» Activity: The entries below hold a line with "店販商品『15%OFF』キャンペーン「8月~8月30日まで」" and a line with "Barrettine Wood Preserver". Return those lines and all that lie between them, exactly and only.

» Given records:
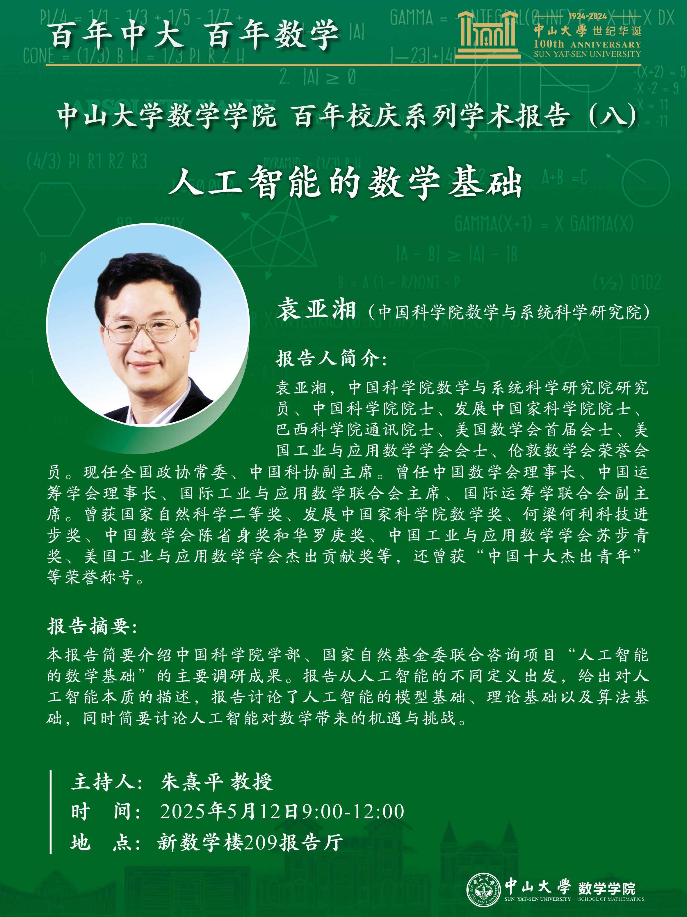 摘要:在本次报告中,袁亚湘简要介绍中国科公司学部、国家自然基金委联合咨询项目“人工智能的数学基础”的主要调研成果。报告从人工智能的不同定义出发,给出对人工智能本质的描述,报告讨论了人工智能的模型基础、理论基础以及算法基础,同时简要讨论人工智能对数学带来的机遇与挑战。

...

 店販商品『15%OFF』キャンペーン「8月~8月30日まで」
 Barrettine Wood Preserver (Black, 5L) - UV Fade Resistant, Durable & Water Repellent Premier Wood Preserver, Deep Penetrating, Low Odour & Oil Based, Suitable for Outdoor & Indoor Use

» The answer:
 店販商品『15%OFF』キャンペーン「8月~8月30日まで」
 Barrettine Wood Preserver (Black, 5L) - UV Fade Resistant, Durable & Water Repellent Premier Wood Preserver, Deep Penetrating, Low Odour & Oil Based, Suitable for Outdoor & Indoor Use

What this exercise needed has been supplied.